An intercooler is a device used on turbocharged and supercharged internal combustion engines to improve the volumetric efficiency and increase the amount of charge in the engine, thereby increasing power. The inter in the name refers to its location compared to the compressors; the coolers were typically installed between multiple stages of supercharging in aircraft engines. Modern automobile designs are technically aftercoolers because they appear most often at the very end of the chain, but this name is no longer used.

 

Turbochargers and superchargers compress incoming air, causing it to become heated (see the universal gas equation).

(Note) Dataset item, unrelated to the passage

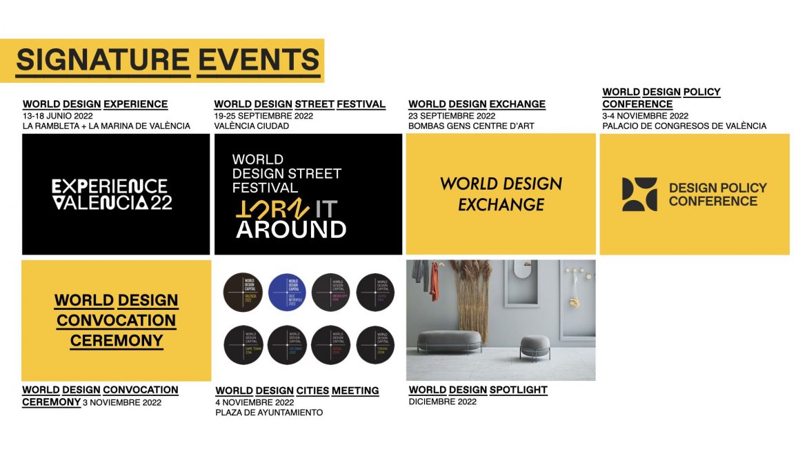 El 3 y 4 de noviembre de 2022, el Palacio de Congresos de Valencia será el escenario de la World Design Policy Conference, que contará con la involucración de primeras figuras como Ezio Manzini, Brandon Gien, Alok Nandi, Leyla Acoroglu, René Spitz, Anna Whicher, Päivi Tahkokallio, Gisele Raulik Murphy o Brigitte Borja de Mozota.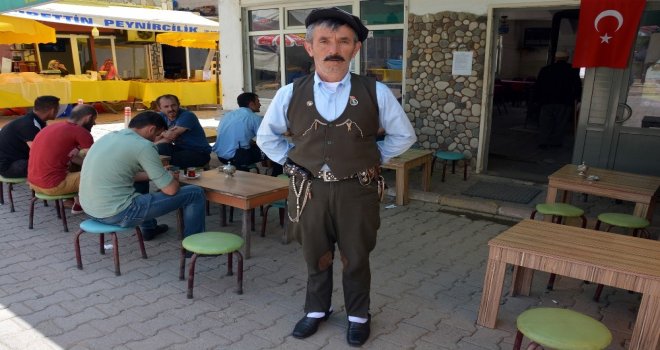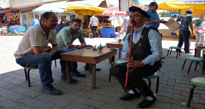 Müşterilerini Kaval Çalarak Karşılıyor, Yöresel Kıyafetiyle Çay Servisi Yapıyor

Since hot air is less dense than cooler air at the same pressure, the total charge delivered to the cylinders is higher than non-compressed air, but still less than it could be. By cooling the charge after compression, even more charge can be delivered, increasing power. Additionally, intercoolers help to increase the total amount of boost possible without causing engine knocking.

 

An intercooler is essentially a radiator tuned for high volume flow rates and the increasing density of the charge as it cools. Most designs use ambient air for cooling, flowing through the radiator core, and often collocated with other radiators for oil or cooling fluid. This approach is also known as Air To Air (ATA).

 

An alternate design, often referred to as a charge cooler, uses water or a water/antifreeze mix to cool the charge, then cools the water in a separate radiator. While heavier and more complex, charge coolers can often make arranging the rest of the engine much simpler. This approach is also known as Water To Air (WTA). A variation on this type of charge cooler substitutes a reservoir of coolant for the radiator, allowing the use of an icewater mixture that can bring outlet temperatures well below ambient air temperature even under very high boost pressure. Because of the limitations on the volume of icewater that can be stored and circulated, this approach to charge cooling is only practical for short durations, making it most common in drag racing and land speed record attempts.

 

Intercoolers need to be mounted so as to maximize air flow and promote efficient cooling. Most cars such as the Saab (except the Subaru WRX based 9-2X Aero), Mitsubishi Lancer Evolution, Volkswagen and Audi use front mounted intercooler(s) (FMIC) mounted vertically near the front bumper, in line with the car's radiator. In contrast, cars such as the Subaru Impreza WRX use top mounted intercoolers (TMIC) i.e. horizontally on top of the engine (due to its low hood line from the use of horizontally opposed engine) and use a hood scoop to force air over the intercooler. Some World Rally Championship cars use a reverse-induction setup, where air from ducts in the front bumper is forced up over a horizontally-mounted intercooler and then vented through ducts in the top of the hood to futher maximize aerodynamic benefits.

 

Supercharging versus Turbocharging

The physical space occupied by a turbocharger is significantly less than its direct-drive counterpart. This gives the opportunity of fitting multiple turbochargers to a single engine, such as in a "sequential turbo", where one turbo is tuned to give increased performance at low engine speed and another turbo is tuned to increase the high-speed engine performance.

 

An alternative arrangement utilizes two turbochargers of the same type, known as a "twin turbo". This gives a large power increase for a given engine speed at the cost of increasing the lag-time for the exhaust to heat up sufficiently to drive the turbochargers. This lag can be addressed by reducing the size of each individual unit such that the combined output is still as great as a single large turbocharger without having to suffer the lag-time required to reach operating speed.

 

A final benefit of the turbocharger over the supercharger is the operating speed; It is not unheard of for a turbocharger to reach 200,000 rpm. This is well beyond the operating specification of a supercharger.

 

The thermal efficiency, or fraction of the fuel/air energy that is converted to output power, is less with a mechanically driven supercharger than with a turbocharger, because the energy of the exhaust pressure is lost. For this reason, both the economy and the power of a turbocharged engine are usually better. The main advantage of an engine with a mechanically driven supercharger is better throttle response. This is important in dragsters and small sports cars. It also tends to run less hot.

 

It is also possible to drive the blower from the crank shaft and use an exhaust turbine for output power.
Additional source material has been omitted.